A czy główny księgowy w ogóle powienien wiedzieć cokolwiek o sytuacji klientów? od tego są socjalni i kierownik a po co jeszcze wszystko wykłądać księgowemu?
Czy istnieją jakieś przepisy regulujące opisywane przez Was kwestie?
U nas jest Kierownik MOPS, zastępcą jest główna księgowa. Nie stworzono u nas konkretnych działów np. działu pomocy środowiskowej, czy mimo to pracownicy socjalni powinni mieć swojego kierownika?
U mnie podobnie- zastępcą księgowa. Tez nie ma podziału na dział pracy środowiskowej .......
Tyle się mówiło o zmianie ustawy o pomocy społecznej a tu nowelizacja bez zbytnich rewelacji. Nie dba się aby polepszyć pracę pracownika socjalnego i usprawnić system pomocy .. Zresztą szkoda słów- trzeba się rozglądać za nową praca
U nas również nie ma działów,pracownicy socjalni są od czarnej roboty tzn. od wszystkiego: robimy sprawozdania, piszemy decyzje, robimy listy wypłat ...
A potem afera na całą Polskę gdy stanie się jakaś tragedia w rodzinie objętą pomocą. Nikt wtedy nie pyta pracownika socjalnego czy nie jest nadmiernie obciążony pracą i papierami.

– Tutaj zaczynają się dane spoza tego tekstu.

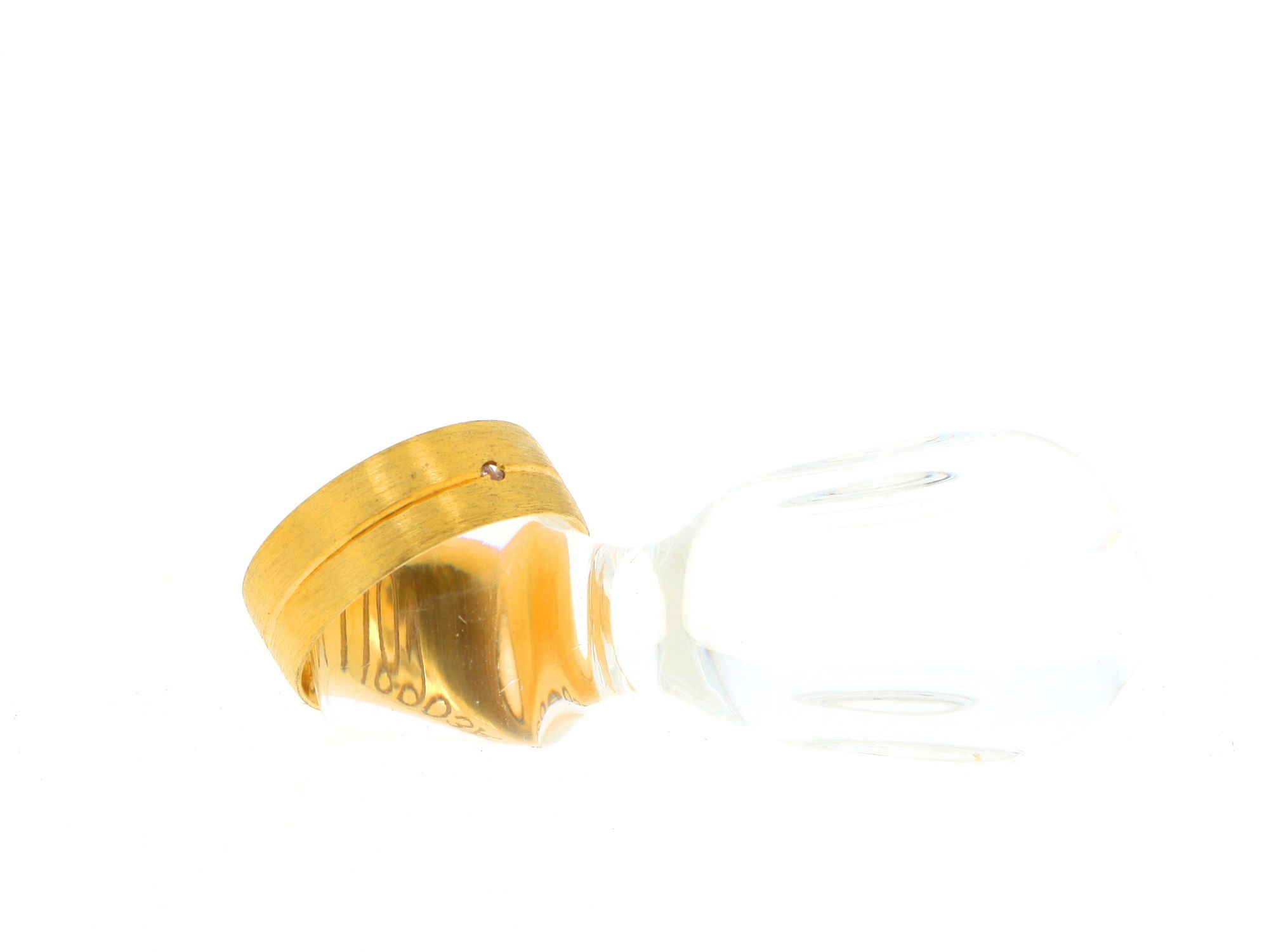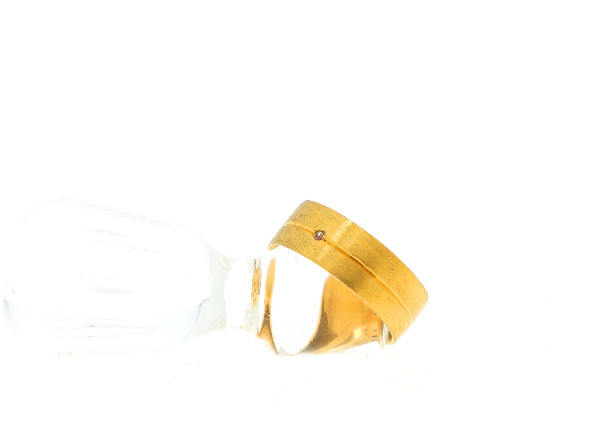 Lote 059 - Aliança em Prata Dourada escovada com listra no centro e cravejada com uma zicórnia incolor, elaborado em PRATA 925. Estado de Conservação: Bom. Contraste: Águia virada à esquerda 925 (1985-2020 - ao abrigo do Decreto Lei 120/2017, artigo 3.º, alínea y). Tam.: 15. Medidas (CxLxA): 2*0,7*2cm. Peso Total: 4,94g.

Czyli wniosek taki, że kierują nami osoby bez kompetencji, często nie mające pojęcia o pracy socjalnej. Najważniejsze dla nich jest aby wszystko w papierach się zgadzało, praca z rodziną schodzi na dalszy plan. Zresztą sam kwestionariusz wywiadu środowiskowego wiele mówi - rubryka zatytułowana praca socjalna jest zepchnięta na sam koniec, nie ma też miejsca aby opisać swoją pracę z rodziną.